The word 'symbol' has gone on a journey from symbolon, a self-authenticating token of professed faith (one of the traditional Christian creeds), to a word you can always imagine has 'mere' in front of it and also implying a negation.

Eg. this bread is not His Body, it is merely symbolic of it.

Possibly therefore we could date the start of the draining of content from the symbol, to the mediaeval nominalism that enabled subversive questions about the Mass to be posed.

Bruce Charlton said...

@william a - Or, as I think the causality went; medieval nominalism was a response to the changing consciousness that - for the first time - enabled Men to distinguish the symbol from the thing. A false response, true; but it had not been possible before.

Bruce Charlton said...

Lucinda - Symbols, places, institutions... I have often found it painful, and inducing a lasting a sense of loss, to acknowledge that they have become ineffective - or even corrupted and inverted.
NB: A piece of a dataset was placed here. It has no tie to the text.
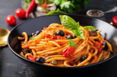 Zdjęcie "Spaghetti alla puttanesca - włoskie danie z makaronem z pomidorami, czarnymi oliwkami, kaparami, anchois i pietruszką. Widok z góry, płaski" może być wykorzystywane do celów osobistych i komercyjnych zgodnie z warunkami zakupionej licencji Royalty-free. Obraz jest dostępny do pobrania w jakości wysokiej rozdzielczości do 5760x3840.

Nonetheless, it is something that (it seems) must be done.

My name is Matt said...

The Harry Potter series is one that comes to mind when I think of inversion and perversion.

Going back through the books always leaves me with a warm glow, while watching the movies leave a foul aftertaste best described as akin to the Taint on saidin from the wheel of time series.

The movies manage to perfectly bring to life "the world" while ignoring and sometimes inverting "the spirit" of the world. And the way it's subtle and clever!

Bruce Charlton said...

@Matt - Very true. Most of the HP movie series was just at the level of ingenious but trivial entertainment, and could have been the accidental result of spiritually insensitive people. But the Deathly Hallows was subverted/ inverted deliberately - as it would have to be (from their POV), so saturated by Christian symbolism, and even allegory, is the original.

The actual climax of the book - the final duel, the last 'discussion' between Harry and Voldemort, focused on Riddle's need for 'remorse', and that it could save his souls even at this very last moment (ie 'remorse' = repentance) was simply deleted! - at the price of making irrelevant nonsense of the main 7-books worth of plot - and, in filmic terms, completely messing-up the climactic and crucial battle.

This showed me that any price was worth paying in order to ensure that no Christian element - even by implication - would be detectable.

So stupid and inept when about its evil work, yet brilliantly moving in the c. 20 minute passage from Snape's death to Harry's death - with (as I recall) only the jarring note of Sirius wittering about people living-on in 'the heart' (pointing at the heart - yuk!) to spoil near-perfection of movie-craft.